Account File Thread-Saftey
To understand how we made the DB thread-safe, theres three scenarios to consider:
- adding new account files (flushing)
- reading account files (snapshot generation, account queries)
- removing account files (shrinking and purging)
The two main fields include file_map_fd_rw
and file_map_rw
which protect account files.
The reason for each of the scenarios is as follows:
Creating Account Files
Adding an account file should never invalidate the account files observed by another thread. The file-map should be write-locked so any map resizing (if theres not enough space) doesnt invalidate other threads values.
Reading Account Files
All reading threads must first acquire a read (shared) lock on the file_map_fd_rw
,
before acquiring a lock on the file map, and reading an account file - to ensure
account files will not be closed while being read.
After doing so, the file_map_rw
may be unlocked, without
releasing the file_map_fd_rw, allowing other threads to modify the file_map,
whilst preventing any files being closed until all reading threads have finished their work.
Removing Account Files
A thread which wants to delete/close an account files must first
acquire a write (exclusive) lock on file_map_fd_rw
, before acquiring
a write-lock on the file map to access the account_file and close/delete/remove it.
Note: Holding a write lock on file_map_fd_rw
is very expensive, so we only acquire
a write-lock inside deleteAccountFiles
which has a minimal amount of logic.
Note: no method modifieds/mutates account files after they have been flushed. They are 'shrunk' with deletion + creating a smaller file, or fully purged with deletion. This allows us to not use a lock per-account-file.
Background Threads
We also run background threads in the runManagerLoop
method which does the following:
- flush the cache to account files in
flushSlot
- clean account files in
cleanAccountFiles
- shrink account files in
shrinkAccountFiles
- deletes account files in
deleteAccountFiles
- periodically create full snapshots and incremental snapshots
Shrink/Delete Account Files
Since acquiring a write-lock on file_map_fd_rw
is very expensive (ensuring no account-files
can have read-access), we ensure its only write-locked during deletion in deleteAccountFiles
and
contains the minimal amount of logic.
We also limit how often the method is called by requiring a minimum number of account files to delete
per call (defined by DELETE_ACCOUNT_FILES_MIN
).
Snapshot Creation
Full and incremental snapshots are created every N roots (defined in ManagerLoopConfig
).
- full snapshots use
makeFullSnapshotGenerationPackage
- incremental snapshots use
makeIncrementalSnapshotGenerationPackage
The general usage is to create a snapshot package which implements a write method that can
be used to write a tar-archive of the snapshot (using the method writeSnapshotTarWithFields
). The
package collects all the account files which should be included in the snapshot and also computes
the accounts-hash and total number of lamports to populate the manifest with.
In the loop, we create the package and then write the tar-archive into a zstd compression library
(zstd.writerCtx
) which itself pipes into a file on disk.
After the writing has been complete the internal accounts-db state is updated using commitFullSnapshotInfo
and commitIncrementalSnapshotInfo
which tracks the new snapshot
created and either deletes or ignores older snapshots (which arent needed anymore).
Snapshots
Downloading Snapshots
all the code can be found in src/accountsdb/download.zig
: downloadSnapshotsFromGossip
first, theres two types of snapshots: full snapshots and incremental snapshots
- full snapshots include all the accounts on the network at some specific slot.
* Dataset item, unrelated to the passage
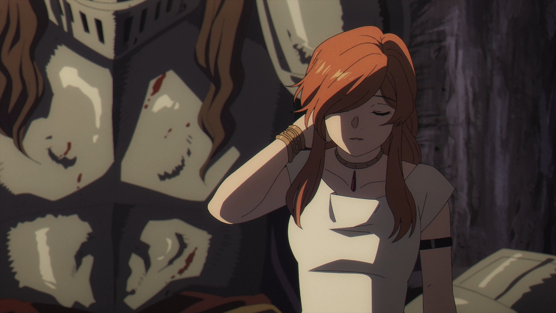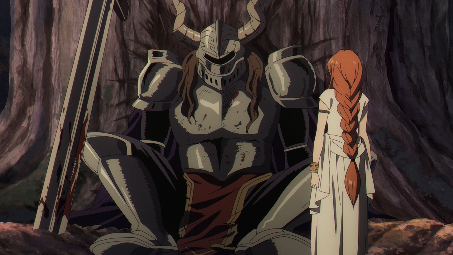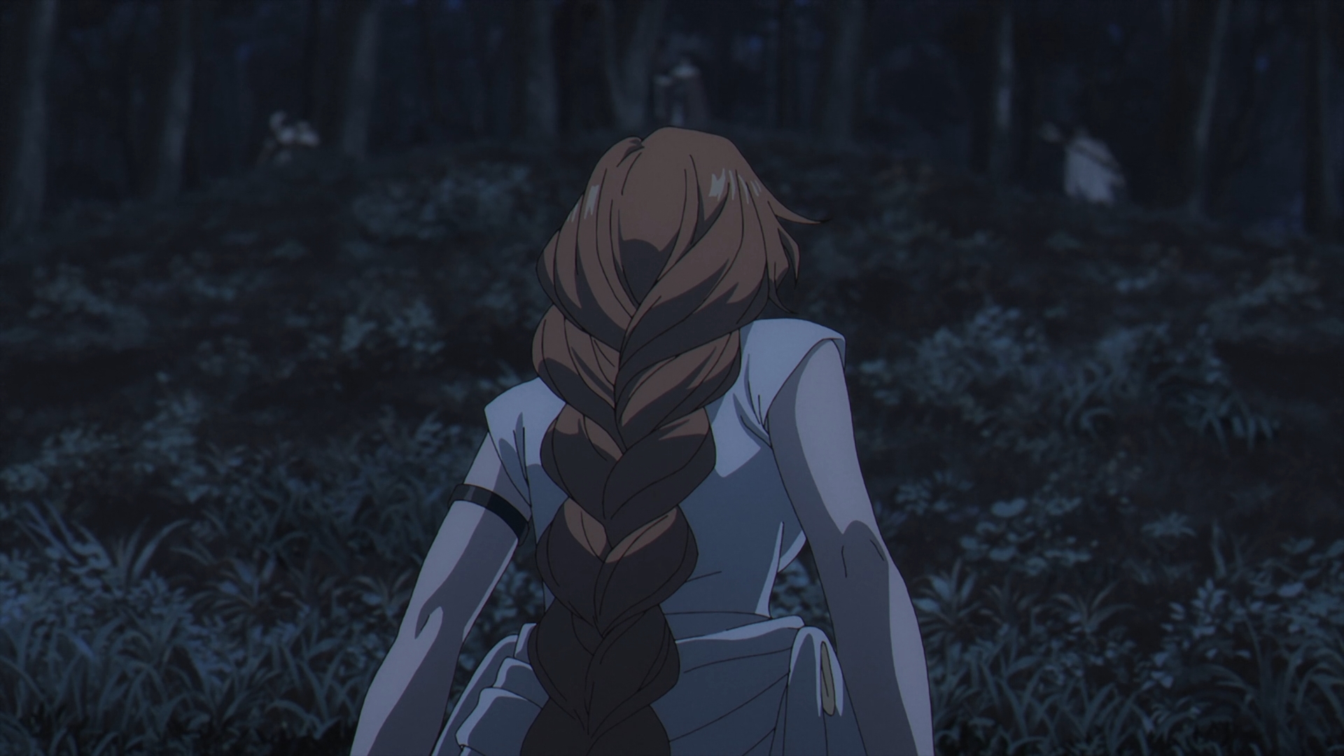 It flashes back in time once again with Flamme walking through a massacred elf village. Flamme mentions that Basalt the Throne, one of the Demon King’s generals is responsible for this, as he lies lifeless against a tree. Turning around, Flamme seee a young silver haired elf with a massive amount of mana, who she assumes is the one that helped defeat him.

- incremental snapshots are smaller and only contain the accounts which changed from a full snapshot.
for example, if the network is on slot 100, the full snapshot could contain all accounts at slot 75, and a matching incremental snapshot could contain all accounts that changed between slot 75 and slot 100.
to download a snapshot, gossip is started up to find other nodes in the network and collect gossip data - we look for peers who
- have a matching shred version (ie, the network version/hard-forks)
- have a valid rpc socket (ie, can download from)
- have a snapshot hash available
the snapshot hash structure is a gossip datatype which contains
- the largest full snapshot (both a the slot and hash)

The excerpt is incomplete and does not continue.